If the coax is for something else, what would that be?

Id like to think this would take care of video and audio issue.

Nope, I'm not high, just wondering:lol:


----------



## Yoda-DBSguy (Nov 4, 2006)

The coaxial input is doe digital audio. Both optical and coaxial digital outputs are available on many components. They are not used if you are using hdmi as the connection methoid for your equipment.

If you hook up a component via component or composite for video, coaxial or optical is a better method connection for audio than stanadard analog red/white in terms of audio.


----------



## satcrazy (Mar 16, 2011)

thanks yoda


----------



## CCarncross (Jul 19, 2005)

There are a couple different coaxial connections on the back of most modern av receivers...in this case, the RG coax connection is strictly for an antenna for FM reception, it has absolutely nothing to do with television or a tv tuner. The other coaxial connections are for digital audio connections only.


----------



## satcrazy (Mar 16, 2011)

CCarncross said:


> There are a couple different coaxial connections on the back of most modern av receivers...in this case, the RG coax connection is strictly for an antenna for FM reception, it has absolutely nothing to do with television or a tv tuner. The other coaxial connections are for digital audio connections only.


What could I use to convert the sat signal from the coax to either component or hdmi interface [ I know it won't be 1080] ? So no avr [ I like denon] has a coax input for video then, correct? [ that would have probably solved the problem] The coax in on the tv is only for OTA, right? [ I have an old denon and a newer panny plasma in my LR, but I sure wouldn't want to experiment on either, as They are both working ok] I have an older JVC stereo I could use for audio for this second set up, [ no video tho] maybe some type of converter?

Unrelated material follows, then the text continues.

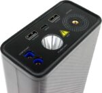 The device features a 10,400 mAh battery that allows for multiple jumps and inflations. two USB ports to charge devices. The torch is bright and features both SOS and strobe modes. It is lightweight and can easily fit into your glove compartment. It also comes with a carrying case for convenient storage and travel.
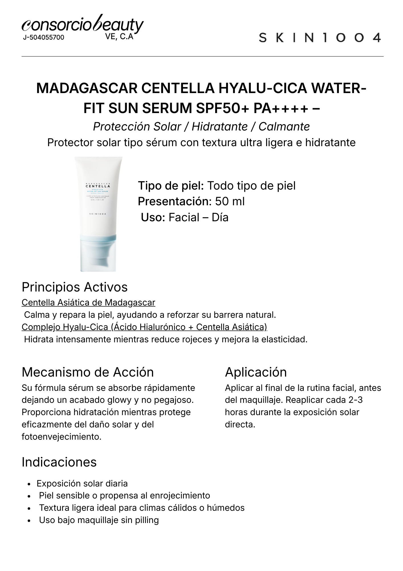 El Madagascar Centella Hyalu-Cica Water-Fit Sun Sérum es un protector solar híbrido (químico + físico) con textura ligera tipo sérum que hidrata, calma y protege la piel sin dejar rastro blanco ni sensación pegajosa. Ideal para el uso diario incluso en pieles sensibles.

Yeah, I know a second receiver would solve this, but I don't want the extra monthly fee, or possibly locking me into another 2 year commitment


----------



## CCarncross (Jul 19, 2005)

any tv that has a working coax input should work fine.....so since you are replacing the tv, you dont need anything else. There is absolutely no reason to convert the signal to component or HDMI just to connect it to the new tv, it wont improve the PQ, in fact could make it worse.


----------



## satcrazy (Mar 16, 2011)

CCarncross said:


> any tv that has a working coax input should work fine.....so since you are replacing the tv, you dont need anything else. There is absolutely no reason to convert the signal to component or HDMI just to connect it to the new tv, it wont improve the PQ, in fact could make it worse.


OK, I just looked at the back of my plasma in the LR. The only coax input is labeled Antenna cable in. So I figured it was just that- a connection for the antenna.

Correction, looking at the manual for the tv, that coax connection is either/or, so I get what your saying.

Will have to find a optical audio to rca connection to get better sound tho if I use my stereo receiver.

thanks

I take it signal conversion degrades the video?


----------



## CCarncross (Jul 19, 2005)

satcrazy said:


> OK, I just looked at the back of my plasma in the LR. The only coax input is labeled Antenna cable in. So I figured it was just that- a connection for the antenna.
> 
> Correction, looking at the manual for the tv, that coax connection is either/or, so I get what your saying.
> 
> ...


Correct, almost always...and the same with sound, its gonna be poor no matter what you convert it to. It sounds like you really want HD quality sound and picture at this other location, but you just cant get it with that tv 2 connection from your 222. At best it will be slightly grainy SD with poor stereo sound, and it might not even be stereo. I hate to say it but I foresee you adding a real receiver at that location at some point in the future. You can send manure down gold-plated pipes, its still manure. :lol:

On second thought, doesnt DISH make one model that offers HD at the tv 2 location? Maybe the 922? Not being a dish subscriber I'm not really up on their offerings.


----------



## satcrazy (Mar 16, 2011)

CCarncross said:


> Correct, almost always...and the same with sound, its gonna be poor no matter what you convert it to. It sounds like you really want HD quality sound and picture at this other location, but you just cant get it with that tv 2 connection from your 222. At best it will be slightly grainy SD with poor stereo sound, and it might not even be stereo. I hate to say it but I foresee you adding a real receiver at that location at some point in the future. You can send manure down gold-plated pipes, its still manure. :lol:
> 
> On second thought, doesnt DISH make one model that offers HD at the tv 2 location? Maybe the 922? Not being a dish subscriber I'm not really up on their offerings.


I don't think so, but I could be wrong. I will look into that though.

Yes I could be trying to pack 10lbs of "manure" into a five lb. bag here:eek2:

I just don't want to get into another 2 year commitment.


----------



## satcrazy (Mar 16, 2011)

satcrazy said:


> I don't think so, but I could be wrong. I will look into that though.
> 
> Yes I could be trying to pack 10lbs of "manure" into a five lb. bag here:eek2:
> 
> I just don't want to get into another 2 year commitment.


Well, it doesn't seem a dual hd receiver is out there.

On the other hand, if I purchase my own receiver, no commitment.

Now, if signal conversion degrades quality, how does upscaling/upconversion work? [ see other post]


----------